1 is an external perspective view showing a multifunction machine according to an embodiment. It is the perspective view which showed the internal structure of the scanner unit. It is a disassembled perspective view which shows the structure of an image sensor typically. It is a top view which shows typically arrangement | positioning of an image reading chip | tip. It is a top view which shows typically the outline | summary of the layout structure of an image reading chip | tip. It is a circuit diagram of an image reading chip. 2 is a partial plan view schematically showing a layout configuration of an image reading chip. FIG.

  DESCRIPTION OF EMBODIMENTS Hereinafter, preferred embodiments of the present invention will be described in detail with reference to the drawings. The drawings used are for convenience of explanation. The embodiments described below do not unduly limit the contents of the present invention described in the claims. Also, not all of the configurations described below are essential constituent requirements of the present invention.

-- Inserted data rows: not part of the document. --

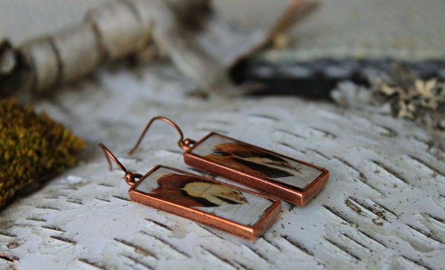 Mini Dangle earrings with charcoal resin overlaid with Birch Bark and 24k gold leaf.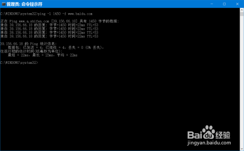 来自 39.156.66.18 的答复: 字节=1450 时候=22ms TTL=5339.156.66.18 的 Ping 统计信息: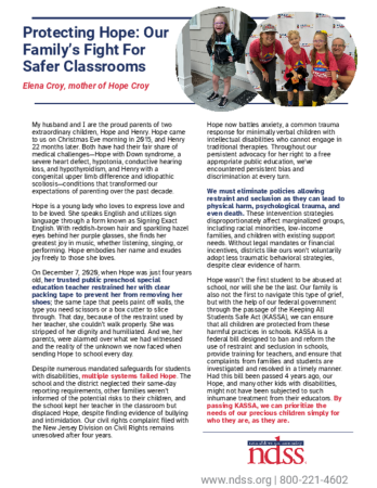 The toolkit below is intended to support advocates who wish to get involved with restraint and seclusion advocacy efforts at the federal level. Resources included in the toolkit are intended to be shared with elected officials and their staff and may include facts and statistics that are new or upsetting to some community members. If you would like to contact a member of our policy team about the information found in these resources, please email policy@ndss.org.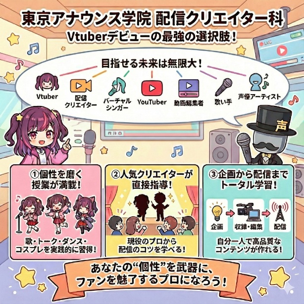したがって、数多くいるVTuberの中で突き抜けたいと考えるなら、Vtuberだけではなく配信者として幅広い知識を学べる東京アナウンス学院は、あなたの武器を鋭く磨き上げてくれる場所です。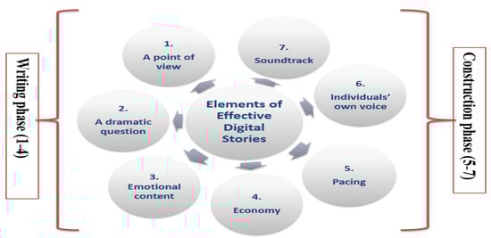 There are seven main elements for an effective digital story, including (1) a point of view, (2) a dramatic question, (3) emotional content, (4) economy, (5) pacing, (6) the gift of your voice, and finally (7) soundtrack. These elements can be classified in two main phases, namely the writing phase (1–4) and the construction phase (5–7), as illustrated in Figure 2, below.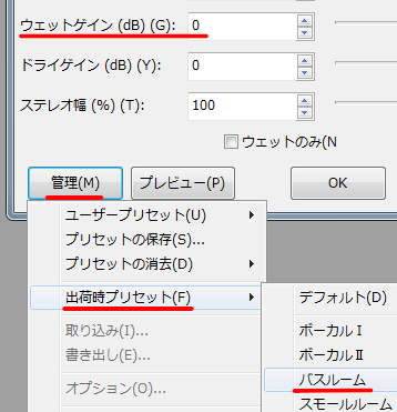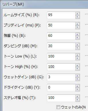 そのままでもいいが、ちょっと響きの強さを付けるため、ウェットゲインを -6dBから0dBまで上げる。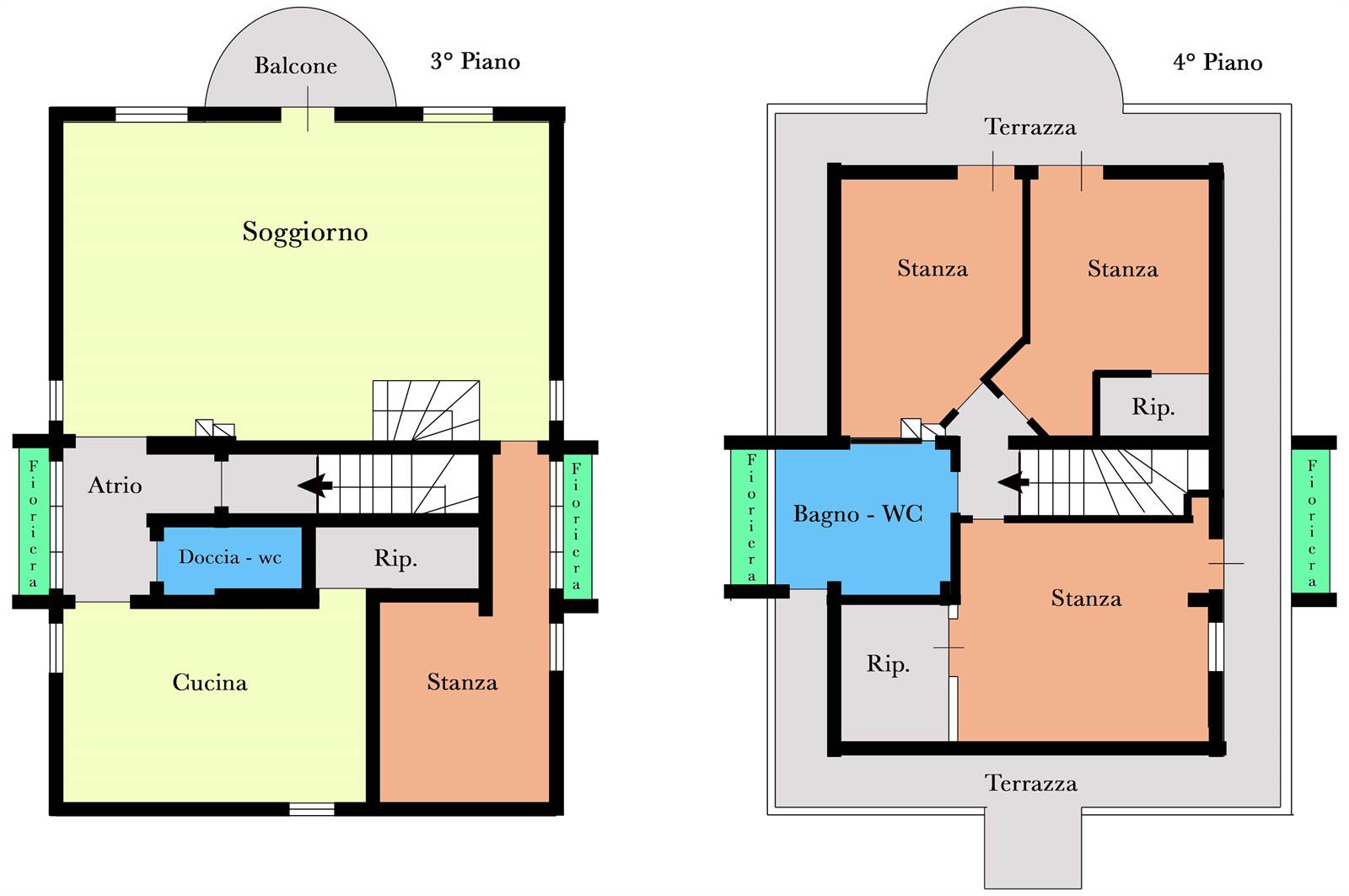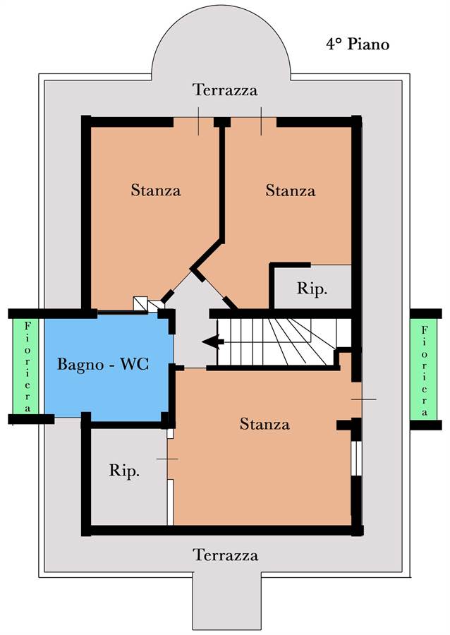 L’appartamento è disposto su due livelli (terzo e quarto ed ultimo piano) ed è libero su tutti e quattro i lati, con ottima luminosità e ambienti ariosi durante tutta la giornata.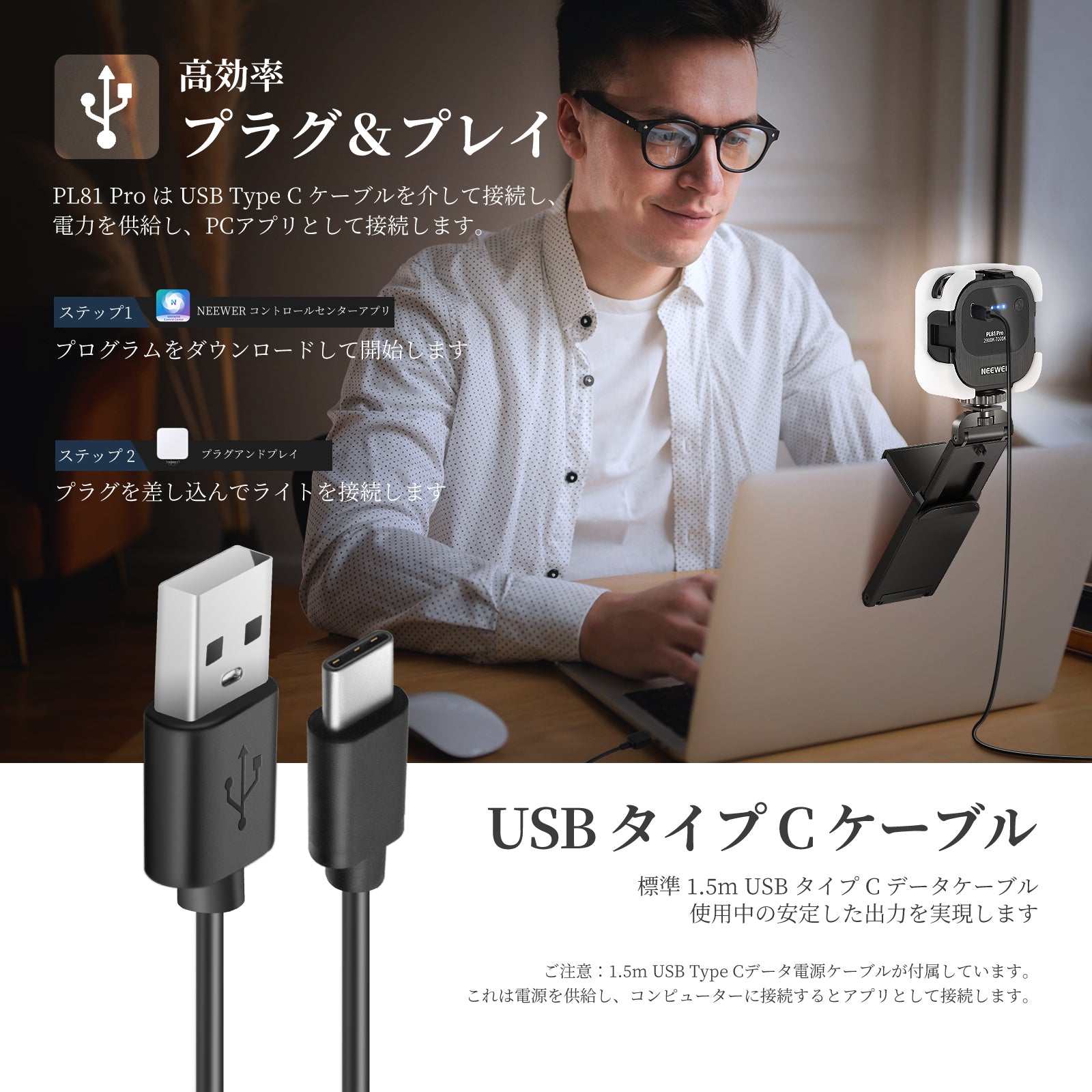 【一日中安全な照明】5V 2A USB 接続で駆動されるこのライトは、付属の5ft (1.5m)USB A - USB Type C ケーブルでコンピューターまたはラップトップの USB A ポートに接続できます。一日中使用しても安全で信頼性の高い動作で安心してください。使用しないときにライトを保管して保護するの収納ポーチが付属しています。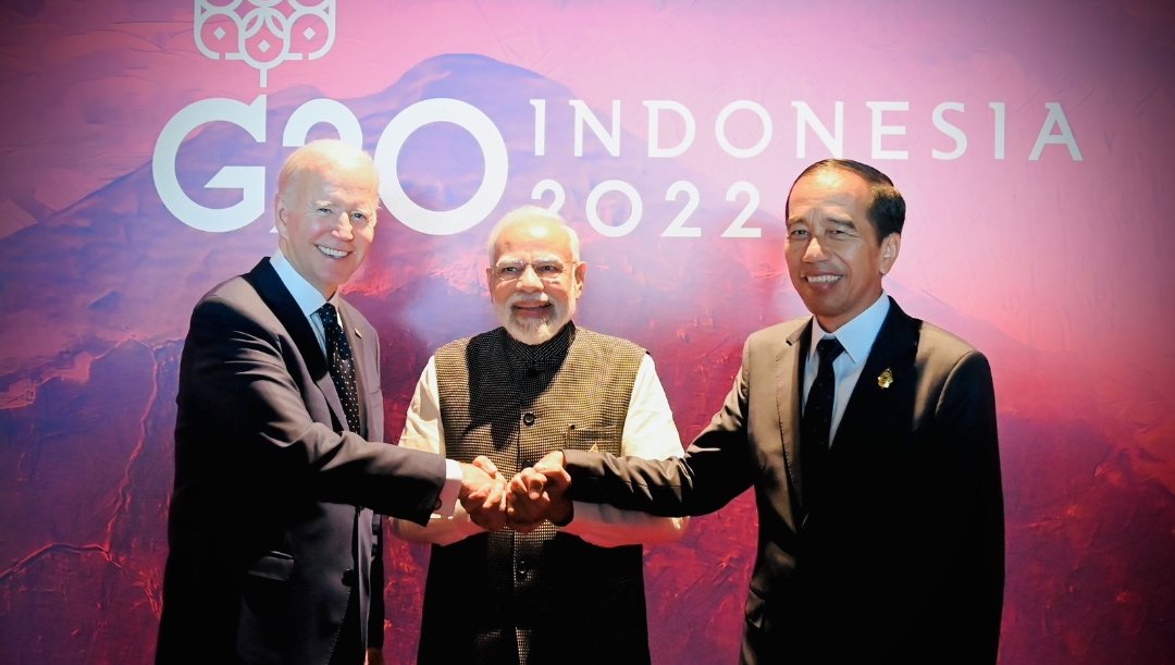 Foto: Presiden Jokowi (kanan), Presiden AS Joe Biden (kiri) dan PM India Narendra Modi (tengah) sepakati beberapa perjanjian kerja sama di KTT G20. (BPMI Setpres)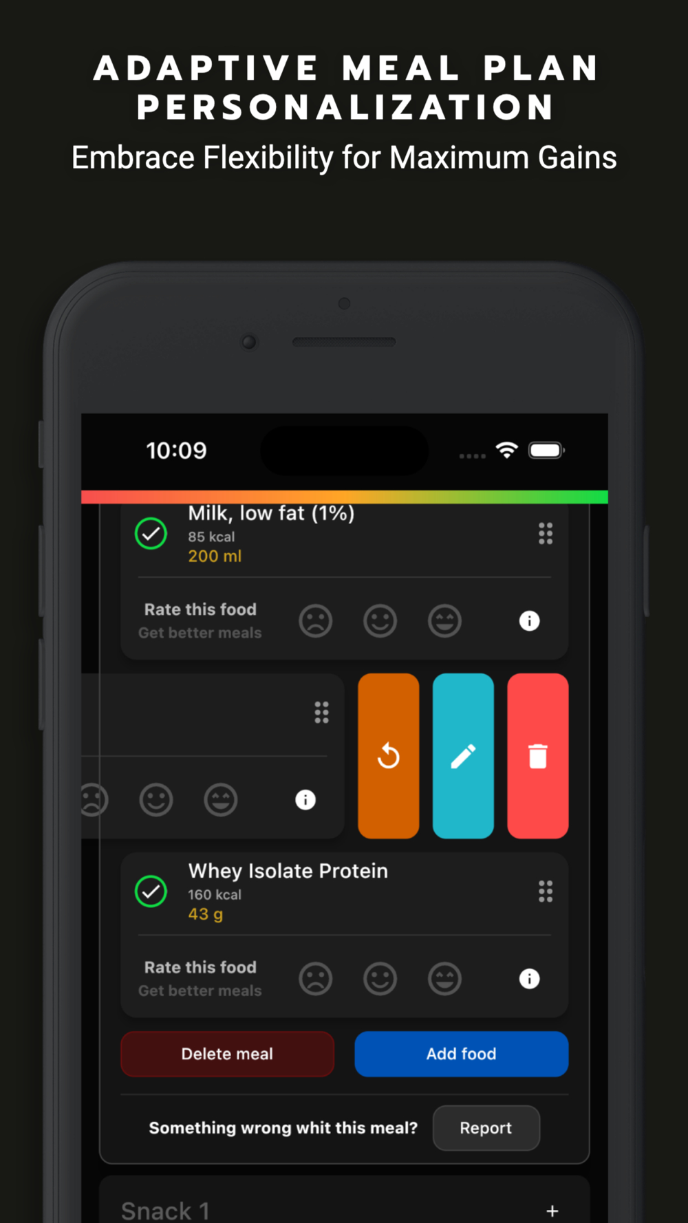 Gaintrain's smart meal planning algorithm adjusts to your evolving needs, making sure your nutrition is always on point. As you progress, our meal plans adapt to keep you on track for maximum results.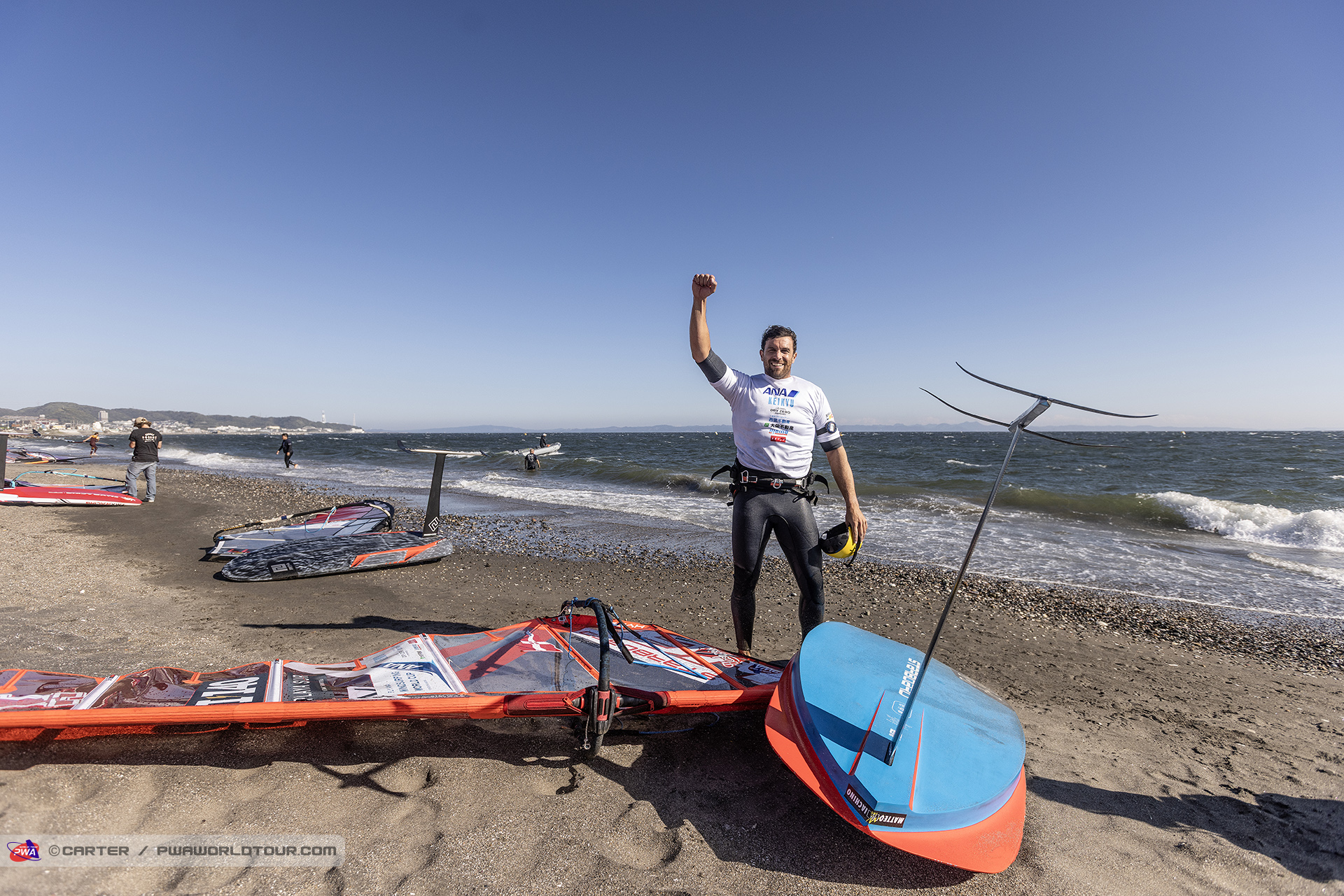 Matteo Iachino (Starboard / Severne Sails) came into the event knowing that a top five finish would guarantee him a third world title and the Italian never looked in danger of finishing outside the top three here after making a confident start to proceedings. In the end, Iachino finishes the last event of the year in second place after two second and two third places in the four eliminations completed as he produced a controlled display. Iachino looked cool, calm and collected in Japan and he now has his just rewards as he can now celebrate adding to his previous world titles from 2016 and 2023 after performing superbly all season.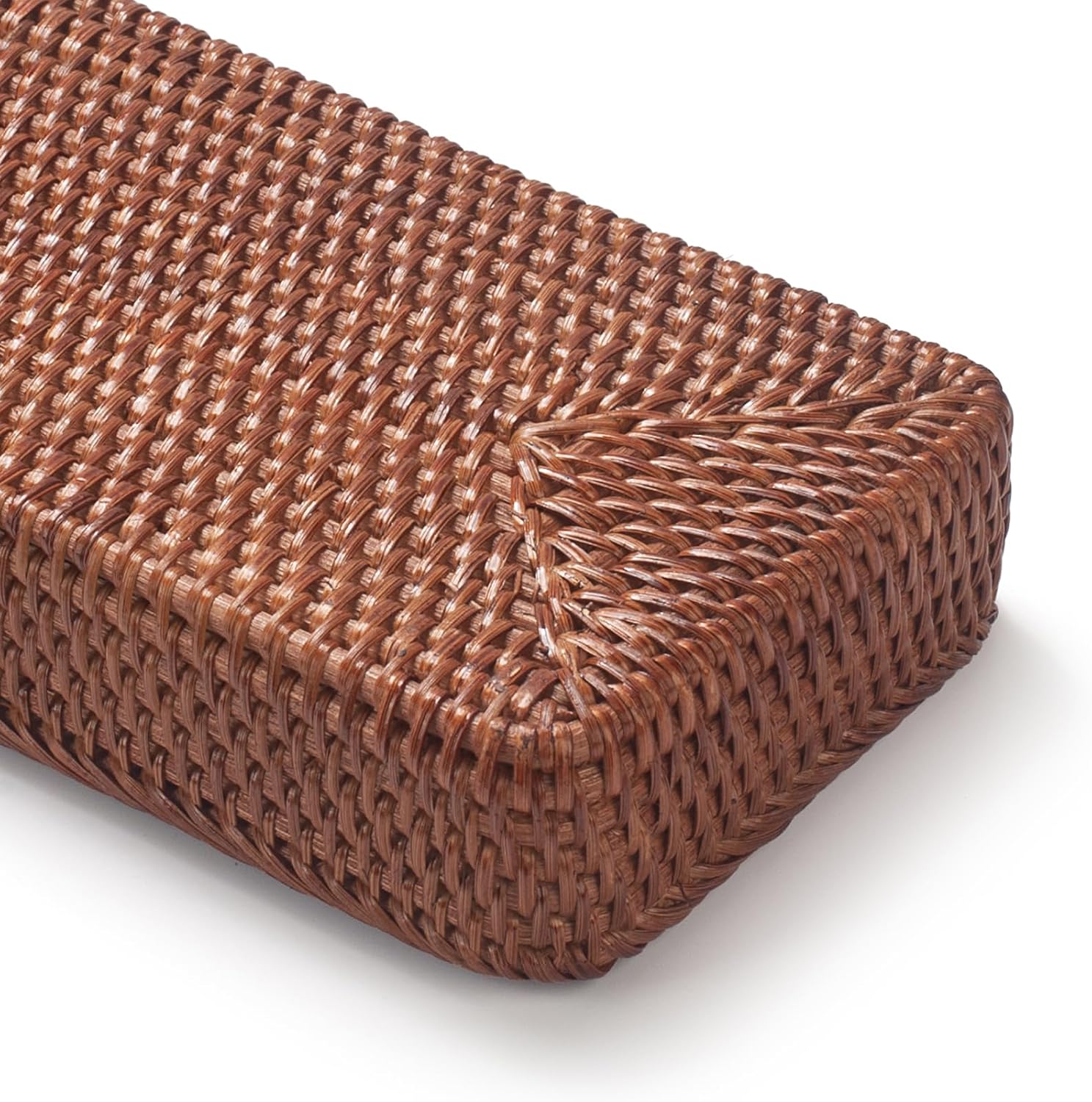 Rattan Bathroom Vanity Trays Toilet Tank Baskets Long Narrow Hand Towel Storage Basket for Storage, Decorative (Honey Brown 16.3 x 6.1 x 2 inch)

Hereinafter, with reference to the attached drawings, a multi-function apparatus (multi-function apparatus) to which the image reading apparatus of the present invention is applied.
1 will be described. FIG. 1 is an external perspective view showing the multifunction device 1. As shown in FIG. 1, the multifunction machine 1 includes a printer unit (image recording apparatus: first apparatus) 2 that is an apparatus main body, and a scanner unit (image reading apparatus) that is an upper unit disposed on the printer unit 2. : A second device) 3. In the following description, it is assumed that the front-rear direction in FIG. 1 is the X-axis direction and the left-right direction is the Y-axis direction.

  On the other hand, as shown in FIG. 1, the printer unit 2 is disposed above the feeding path and a transport unit (not shown) that feeds a sheet recording medium (printing paper or cut sheet) along the feeding path. , A printing unit (not shown) for performing printing processing on a recording medium by an inkjet method, a panel-type operation unit 63 disposed on the front surface, and a device frame (not shown) on which a transport unit, a printing unit, and an operation unit 63 are mounted. ) And a device housing 65 covering these. The apparatus housing 65 is provided with a discharge port 66 through which the recording medium after printing is discharged. Although not shown, a USB port and a power supply port are provided at the bottom of the rear surface. That is, the multifunction device 1 is configured to be connectable to a computer or the like via a USB port.

  The scanner unit 3 is rotatably supported by the printer unit 2 via a hinge 4 at the rear end portion, and covers the upper part of the printer unit 2 so as to be freely opened and closed. That is, by pulling up the scanner unit 3 in the rotation direction, the upper surface opening of the printer unit 2 is exposed, and the inside of the printer unit 2 is exposed through the upper surface opening. On the other hand, the scanner unit 3 is pulled down in the rotation direction and placed on the printer unit 2, so that the scanner unit 3 closes the upper surface opening. As described above, by opening the scanner unit 3, it is possible to replace the ink cartridge, clear a paper jam, and the like.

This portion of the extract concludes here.